RECORD EXTRACTS:
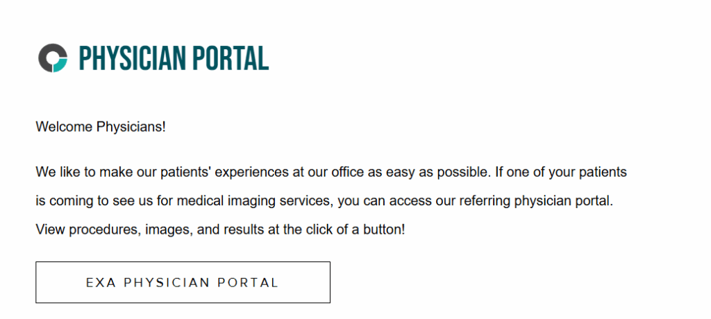 Create a “Referring Physicians Portal” with order forms, modality prep guides, prior authorization support, insurance lists, and e-fax. Offer live chat for schedulers.
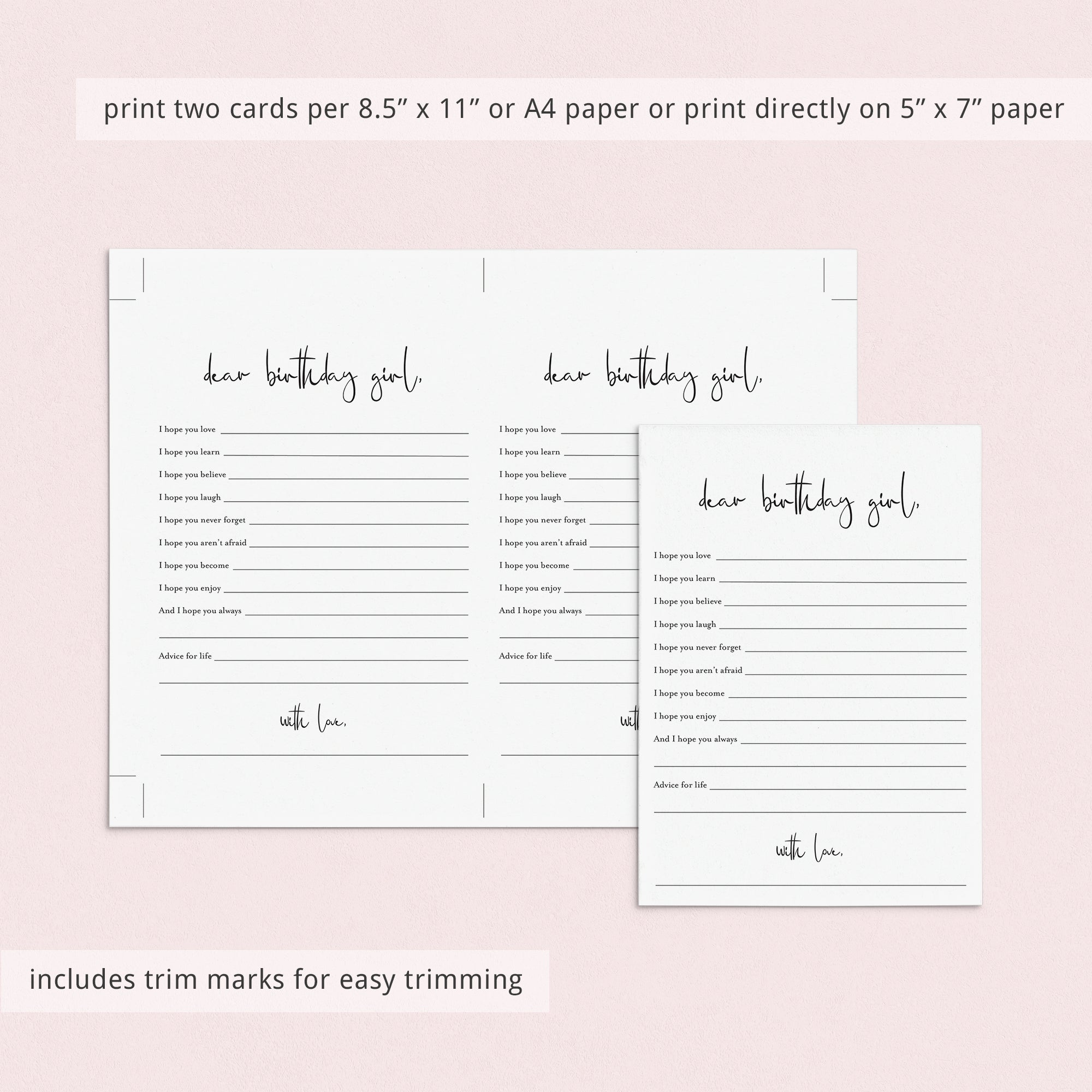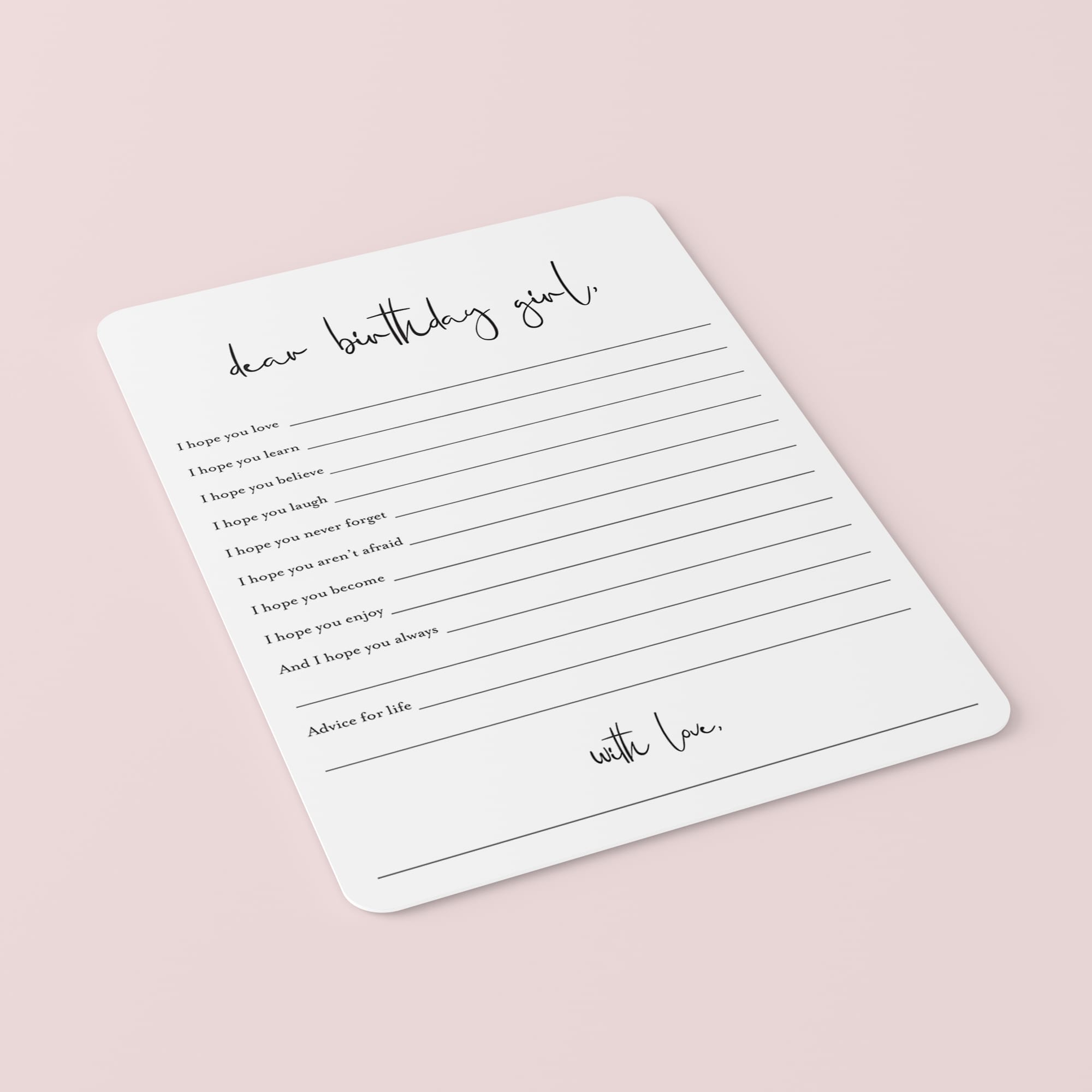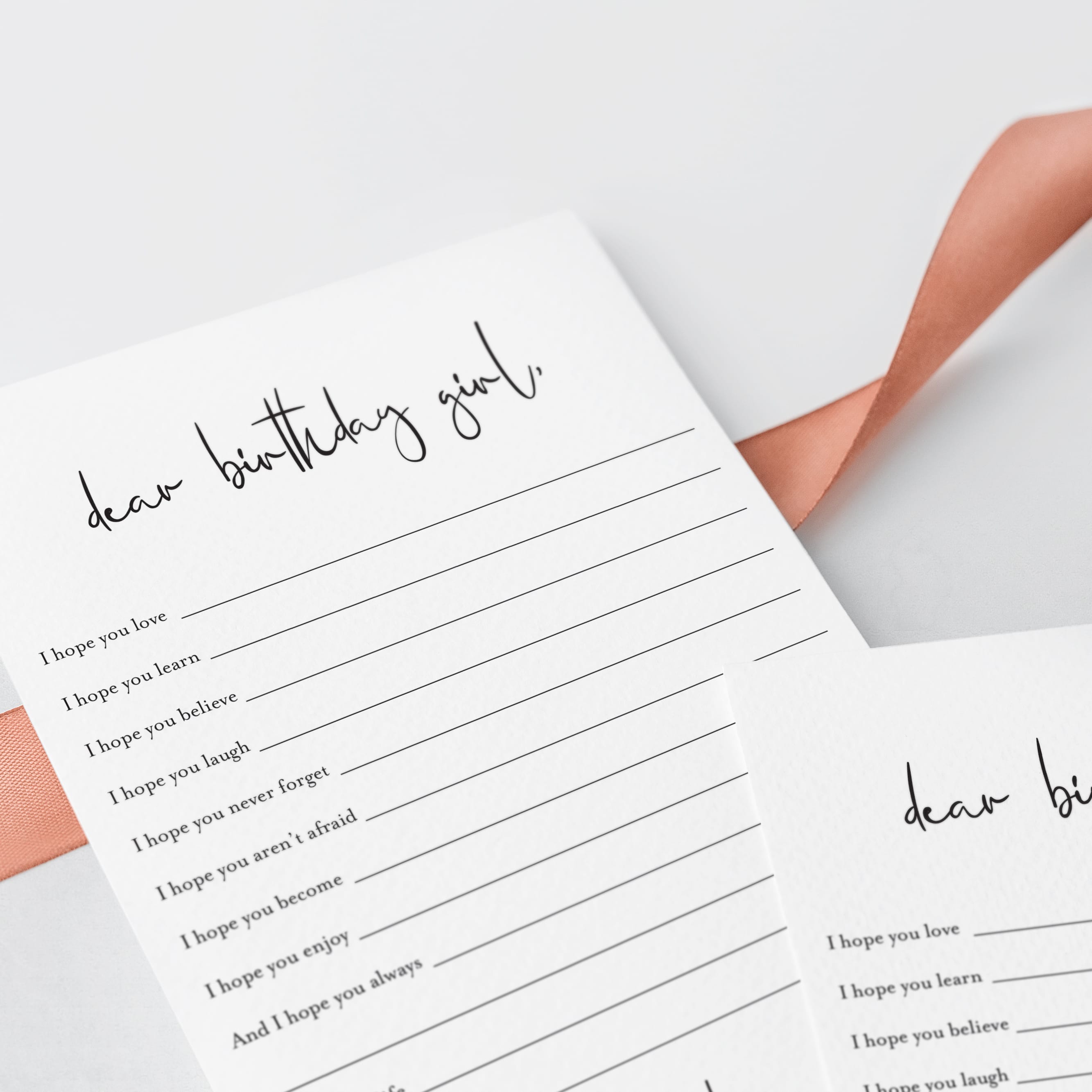 Create an amazing keepsake for the birthday girl with these modern minimalist Wishes for the Birthday Girl cards. The birthday wishes cards will fit any women's birthday party theme. Let every guest write down their wishes for the birthday girl and collect the cards for the lucky lady.
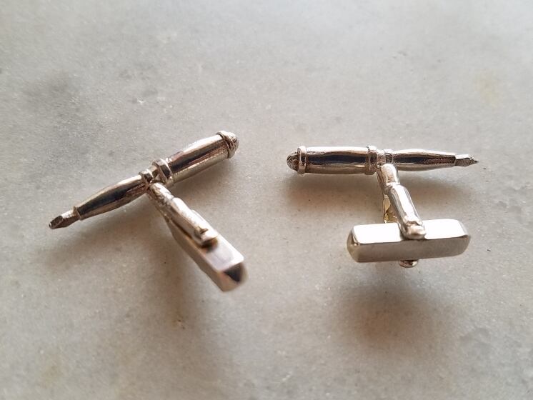上品に艶めくパイプと万年筆をモチーフにしたシルバー925製のカフスです。
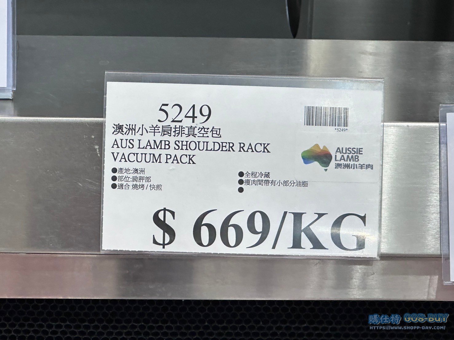 家食品麵包類冷藏食品 澳洲小羊肩排真空包#5249 By 網站小編 2022 年 1 月 11 日 382 產品資訊 產品資訊 產品名稱 AUS LAMB SHOULDER RACK VACUUM PACK 澳洲小羊肩排真空包 #5249 價格 669/KG 產地 澳洲 包裝規格 依包裝所示 保存期限 依包裝所示 備註 產地:澳洲 部位:肩胛部,適合 燒烤/快煎。全程冷藏,瘦肉間袋有小部分油脂。2024/4/15查價價格由769/KG降價為669/KG降價100/KG。 →商品問題回報← 相關 標籤小羊肩澳洲真空包羊肉 前一篇文章澳洲法式小羊排真空包 #36085下一篇文章澳洲法式小羊排 #36086 網站小編https://shopp-day.com 或許你也感興趣 價格優惠資訊 2025好市多客製生日蛋糕價格表 價格優惠資訊 好市多Line社群加入方法 保健品&藥品 新甘木堅胃腸藥顆粒40包 #194496 購仕特-CosBuy 查詢排行 價格優惠資訊 2025好市多客製生日蛋糕價格表 價格優惠資訊 好市多Line社群加入方法 保健品&藥品 新甘木堅胃腸藥顆粒40包 #194496 價格優惠資訊 2025好市多會員護照-春季專案商品一覽表 價格優惠資訊 好市多美國牛肉整箱銷售價格表(2024/5/7) 裝載更多 熱門推薦 價格優惠資訊 2025好市多客製生日蛋糕價格表 價格優惠資訊 好市多美國牛肉整箱銷售價格表(2024/5/7) 價格優惠資訊 好市多日本和牛價格表 2024.4.29更新 冷藏食品 美國特選無骨牛小排火鍋片#25737 冷藏食品 舊振南英式馬芬米福堡#143387 裝載更多
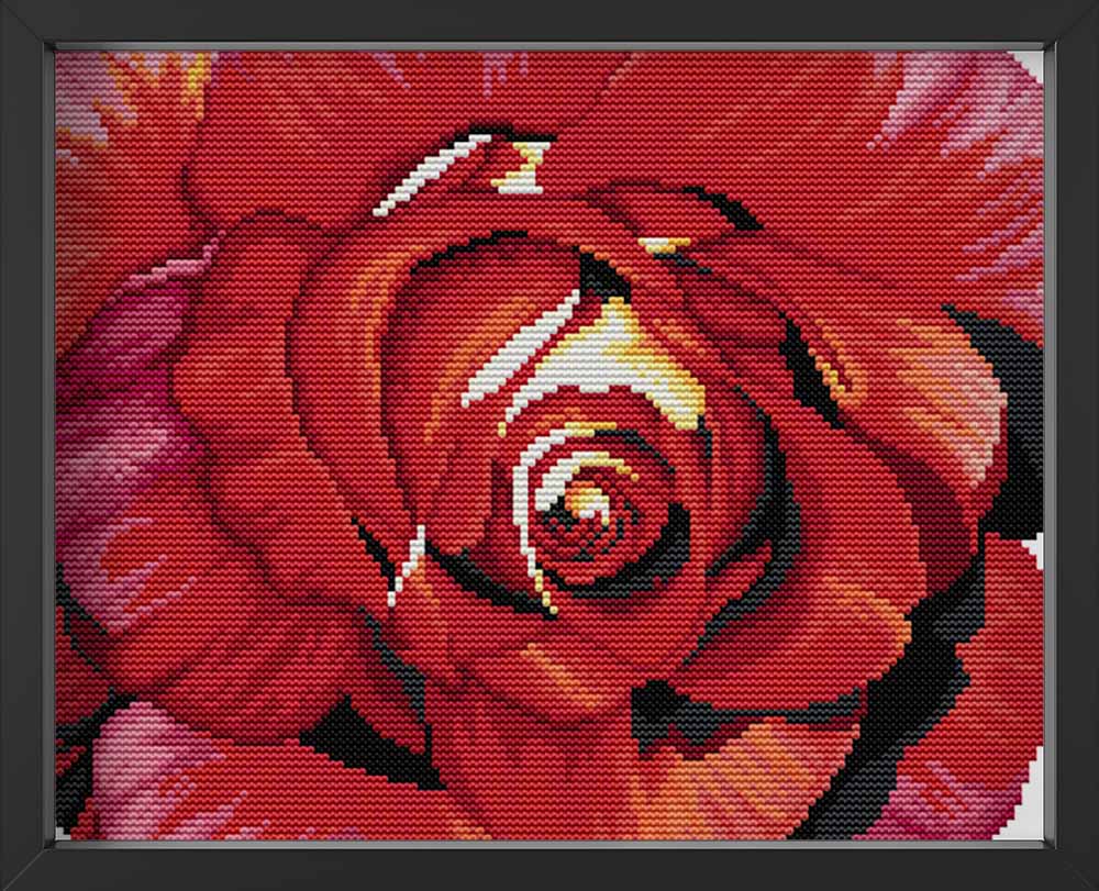 Kreuzstich - wunderschöne rote Rose | 30x30 cm
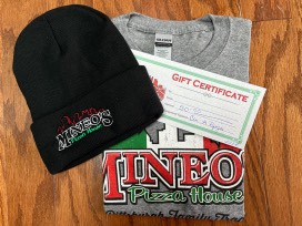 After the movie, stroll up the street to grab a pie or two or three with a $50 gift certificate to Mineo's Pizza. You can even sport your new Mineo's t-shirt and winter beanie while you dine!

WHAT TO PRODUCE: The copy you give must repeat each record character for character, but it must not include the pictures.

WRITTEN SOLUTION:
 Create a “Referring Physicians Portal” with order forms, modality prep guides, prior authorization support, insurance lists, and e-fax. Offer live chat for schedulers.
 Create an amazing keepsake for the birthday girl with these modern minimalist Wishes for the Birthday Girl cards. The birthday wishes cards will fit any women's birthday party theme. Let every guest write down their wishes for the birthday girl and collect the cards for the lucky lady.
上品に艶めくパイプと万年筆をモチーフにしたシルバー925製のカフスです。
 家食品麵包類冷藏食品 澳洲小羊肩排真空包#5249 By 網站小編 2022 年 1 月 11 日 382 產品資訊 產品資訊 產品名稱 AUS LAMB SHOULDER RACK VACUUM PACK 澳洲小羊肩排真空包 #5249 價格 669/KG 產地 澳洲 包裝規格 依包裝所示 保存期限 依包裝所示 備註 產地:澳洲 部位:肩胛部,適合 燒烤/快煎。全程冷藏,瘦肉間袋有小部分油脂。2024/4/15查價價格由769/KG降價為669/KG降價100/KG。 →商品問題回報← 相關 標籤小羊肩澳洲真空包羊肉 前一篇文章澳洲法式小羊排真空包 #36085下一篇文章澳洲法式小羊排 #36086 網站小編https://shopp-day.com 或許你也感興趣 價格優惠資訊 2025好市多客製生日蛋糕價格表 價格優惠資訊 好市多Line社群加入方法 保健品&藥品 新甘木堅胃腸藥顆粒40包 #194496 購仕特-CosBuy 查詢排行 價格優惠資訊 2025好市多客製生日蛋糕價格表 價格優惠資訊 好市多Line社群加入方法 保健品&藥品 新甘木堅胃腸藥顆粒40包 #194496 價格優惠資訊 2025好市多會員護照-春季專案商品一覽表 價格優惠資訊 好市多美國牛肉整箱銷售價格表(2024/5/7) 裝載更多 熱門推薦 價格優惠資訊 2025好市多客製生日蛋糕價格表 價格優惠資訊 好市多美國牛肉整箱銷售價格表(2024/5/7) 價格優惠資訊 好市多日本和牛價格表 2024.4.29更新 冷藏食品 美國特選無骨牛小排火鍋片#25737 冷藏食品 舊振南英式馬芬米福堡#143387 裝載更多
 Kreuzstich - wunderschöne rote Rose | 30x30 cm
 After the movie, stroll up the street to grab a pie or two or three with a $50 gift certificate to Mineo's Pizza. You can even sport your new Mineo's t-shirt and winter beanie while you dine!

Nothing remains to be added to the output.